Archive for October, 2012

Oracle online patching for bug 13817131 (backport for ORA-7445 near ksfqfcrx()+X during RMAN backups)

Wednesday, October 3rd, 2012

Oracle 11.2.0.3.x seems to be affected sometimes (the bug manifest itself only in highly utilized environments as per my observations) by ORA-7445 during RMAN backups. The first symptoms are like this in the RMAN log:
channel t1: starting piece 1 at 17-SEP-12
RMAN-00571: ===========================================================
RMAN-00569: =============== ERROR MESSAGE STACK FOLLOWS ===============
RMAN-00571: ===========================================================
RMAN-03009: failure of backup command on t1 channel at 09/17/2012 16:01:23
RMAN-10038: database session for channel t1 terminated unexpectedly

The alert log contains information that incident has been registered and the most interesting entry is this:
ORA-07445: exception encountered: core dump [ksfqfcrx()+1143] [SIGSEGV] [ADDR:0x8] [PC:0xA3E2E3] [Address not mapped to object] []

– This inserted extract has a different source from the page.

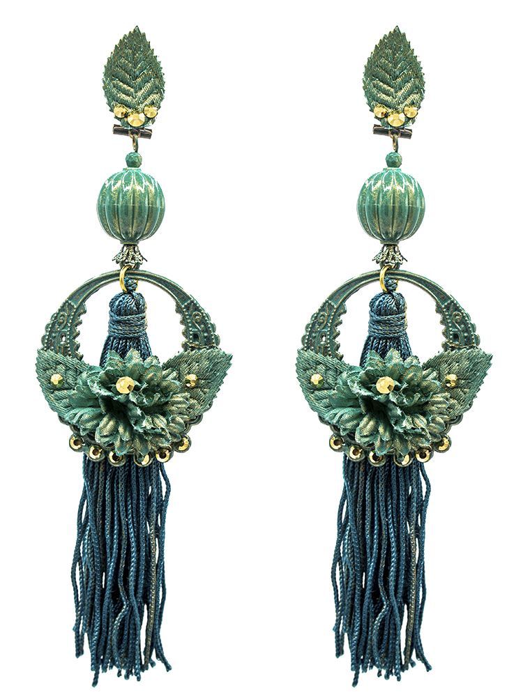 Pendiente de flamenca en forma de aro, en tonos verde con reflejos dorados, detalle floral en tela, fornitura y bolas metálicas. Terminación en flecos. Cierre omega. Medidas: 50 x 110 mm (sin cabezal). Fabricado artesanalmente en Sevilla.

Starting from this point, sooner or later all RMAN backups are going to fail. My observation is that this is only matter of time. RAC gives some additional headroom, because one can switch making backups to next node, but please be advised that as this is some kind of memory corruption going on, this will also happen on next nodes. You need to patch it.

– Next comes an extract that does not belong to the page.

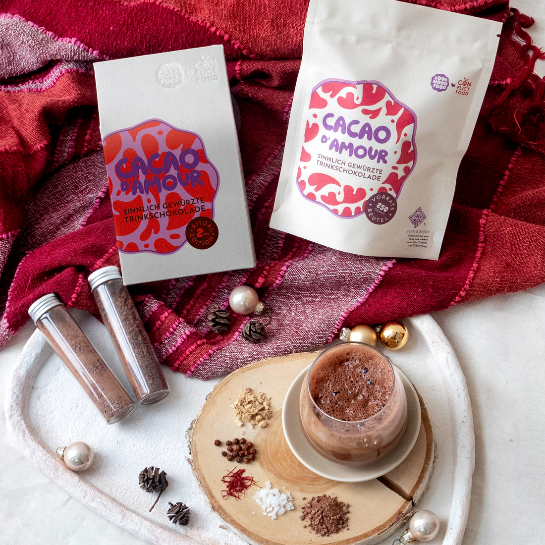 Conflictfood & Goodmoodfood – zwei befreundete Berliner Marken, eine gemeinsame Vision. Statt Konkurrenz setzen wir auf Kooperation und haben unser Wissen, unsere Lieblingszutaten und unsere Leidenschaft vereint, um etwas Besonderes zu schaffen: Cacao d’Amour. Dieser Kakao steht für Genuss mit Sinn – und das schmeckt man mit jedem Schluck! Tipp: Genieße Cacao d’Amour mit deinem Lieblingsmenschen. Besonders die Ritual Edition für zwei Personen lädt dazu ein, Momente des Miteinanders zu zelebrieren. Mit dabei: das Poster „Love, Peace & Unity“ – eine kleine Erinnerung an das, was wirklich zählt.

The GDB backtrace shows excactly the function

(gdb) where
#0 0x0000003513630285 in raise () from /lib64/libc.so.6
#1 0x0000003513631d30 in abort () from /lib64/libc.so.6
#2 0x0000000008130445 in skgdbgcra ()
#3 0x00000000067a67f1 in sksdbgcra ()
#4 0x0000000004977828 in ksdbgcra ()
#5 0x000000000679e3a5 in ssexhd ()
#6 <signal handler called>
#7 0x0000000000a3e2e3 in ksfqfcrx ()
#8 0x0000000007018463 in krbbOpenOutput ()
#9 0x000000000702afe7 in krbbpcint ()
#10 0x000000000702e393 in krbbpc ()
#11 0x0000000008a47cea in krbibpc ()
#12 0x00000000093f8131 in pevm_icd_call_common ()
#13 0x00000000093ed460 in pfrinstr_ICAL ()
#14 0x00000000093f10b9 in pfrrun_no_tool ()
#15 0x00000000093ef78d in pfrrun ()
[..]
#31 0x0000000001dc0d14 in ssthrdmain ()
#32 0x0000000000a0b271 in main ()
(gdb) ... serveral "up" cmds to get to the #6 stack frame
(gdb) info registers rax r12
rax 0x0 0
r12 0x7fd3ac78bf20 140547108421408
(gdb)
(gdb) disas
[..]
0x0000000000a3e2d6 <ksfqfcrx+1130>: callq 0x4838ada <ksfq_ibuf>
0x0000000000a3e2db <ksfqfcrx+1135>: mov 0xcd0(%r12),%rax <--- r12</strong>
0x0000000000a3e2e3 <ksfqfcrx+1143>: orl $0x4,0x8(%rax) <--- crash, due to %rax being 0 and the instruction is addres at $rax register + 8 (SEG FAULT)
0x0000000000a3e2e7 <ksfqfcrx+1147>: jmpq 0xa3e0bc <ksfqfcrx+592>

More or less the issue is documented under Oracle Support note 1482775.1 and the only workaround is to upgrade to 12.1 or 11.2.0.4 which is a little joke (we all know that 12.1 is going to be such great database version that it won’t have even an single bug… all is fixed in 12.1 ;) ). Now in my opinion one will have several options:

  1. you agree to loose backups of mission critical production envs (change RMAN ARCHIVELOG POLICY to NONE?) or fallback to backups taken on DataGuard standby (delete force archivelog is your friend… or enemy actually ;) )
  2. fallback to remaining RAC nodes and restart one of the RAC nodes… (restart of instances seems to avoid the problem for sometime)
  3. do nothing and have downtime (due to ARCH stuck problem, due to FRA filling up)
  4. request a backport for the bug mentioned in in 1482775.1

We’ve went with options b + d. Later I’ve raised escalation call for the case we’ve raised initially. Several days later we had patch ready to be applied, the nice thing about it (patch 13817131) was that it is possible to apply it completely in online mode even on RAC (no need to shutdown anything), just live memory patching! Here are the details from the lab:

[oracle@labr2 13817131]$ opatch apply online -connectString ORCL2:::labr1,ORCL1:::labr2
Oracle Interim Patch Installer version 11.2.0.3.0
Copyright (c) 2012, Oracle Corporation.  All rights reserved.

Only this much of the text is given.